I was looking through my Amazon recommendations email and saw that the back cover of this book appears to indicate it may contain a plan for such a bench. His appear to be wood arches, though. The book isn't out yet, but it may be worth looking into.


----------



## BWSmith (Aug 24, 2010)

"IF" you are headed twds a fabrication shop,do him/you a favor and have decent drawing in hand.I'm assuming if your desire is a drafting table that you have skills.

When there(weld shop) with your basic plan....ask him if there are areas in the design that could be done differently to save money.Weldment design is a biz pretty much all to itself.Heck,there's online programs directly available.Probably are a waste of time at this point....take a measured drawing to weld guy and ASK for his assistance.Might be supprised at these folks design savvy.

Now,for the more than you want to know info......"drafting" tables make dandy face frame,clamping tables.Maybe a flip version?You know,for the times when customer is in such a hurry we've got a FF gluing up on one side and we're still working on the plans on the other,haha.Best of luck.


----------



## 4DThinker (Mar 13, 2013)

I'm an architectural college graduate, and when I was in school that type of table was my least favorite in use. Pivoting in the middle means the front drops down when the table rotates up. At some point most of that style table were replace with drafting desks that had the top hinging from the front edge, or just slightly behind it. 

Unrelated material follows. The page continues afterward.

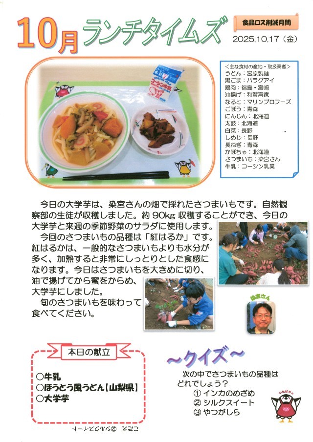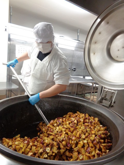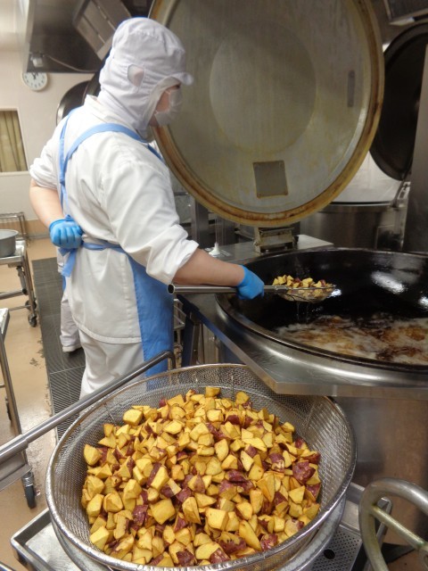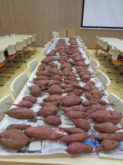 自然観察部の生徒が収穫し、多目的室で寝かせました。今回は50kgのさつまいもを大学芋にしました。
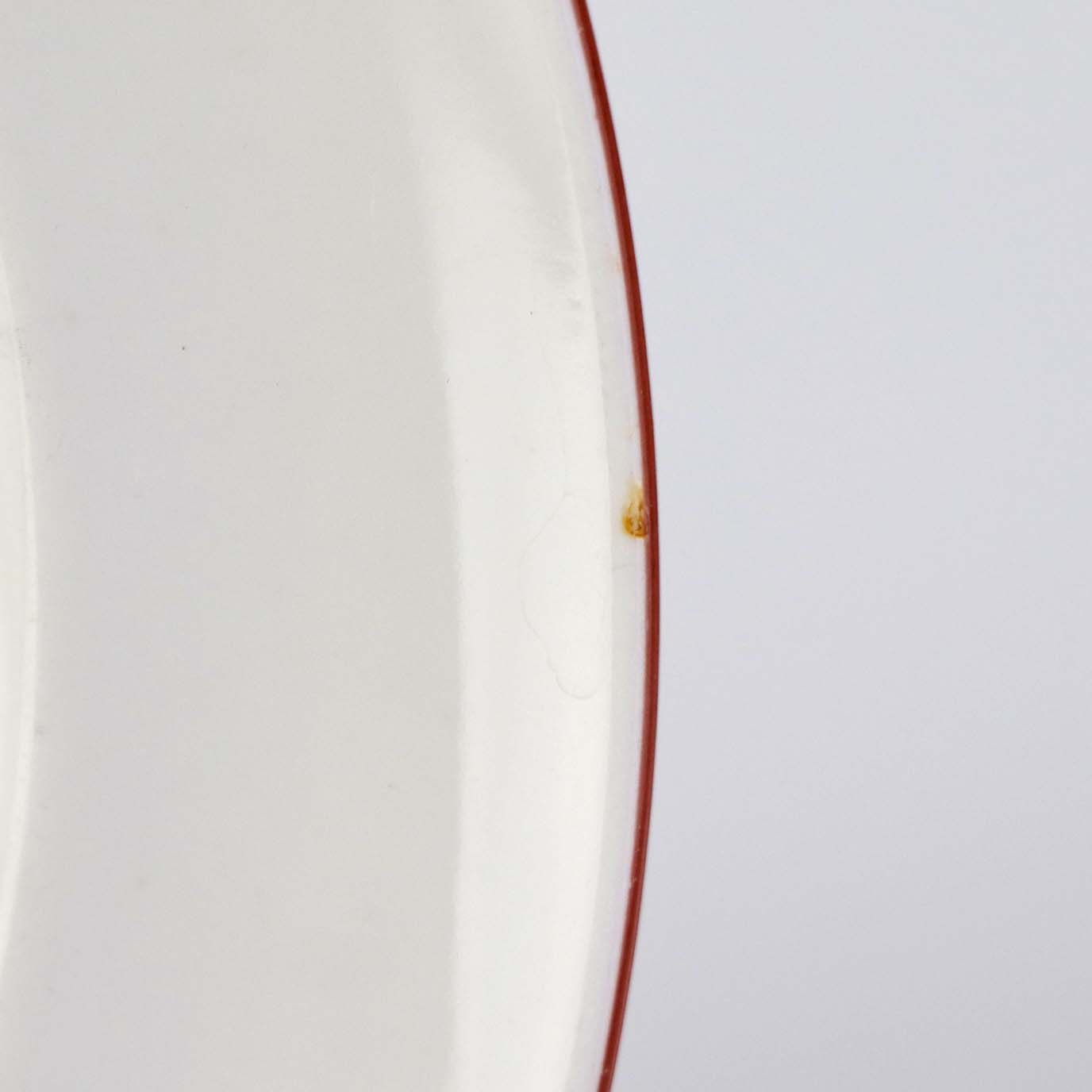 Service i glat hvidt porcelæn med dekoration i tynd rød streg.

I do appreciate the aesthetic though. The strategy was also sound. You could use a similar arc when hinging from the front. It'll need more locking grip than the center version as from center the table is always balanced over the arc.


----------



## chictaylor1 (Aug 18, 2015)

I'm sorry but you have to have 25 posts to sell on this forum. Then you must use the classified section.


----------



## johnep (Apr 12, 2007)

I made a table by hinging a board to a wall and using supporting hinged brackets with a stop at the slope position. 

http://www.screwfix.com/p/adjustable-folding-bracket-silver-400-x-272mm/56422


johnep


----------



## woodchux (Jul 6, 2014)

Your drafting table picture brought back memories of my first drafting table I had while in Art/Illustration class, and it may still be here, under boxes of "stuff". The table did have some issues; such as edges were not true, and aluminum channel was attached to the front/sides. The adjustment wheels never held tight if too much downward pressure was applied, and the top surface was too small for doing/laying out large drawings. Hope you share some pics of that finished project. Be safe.


----------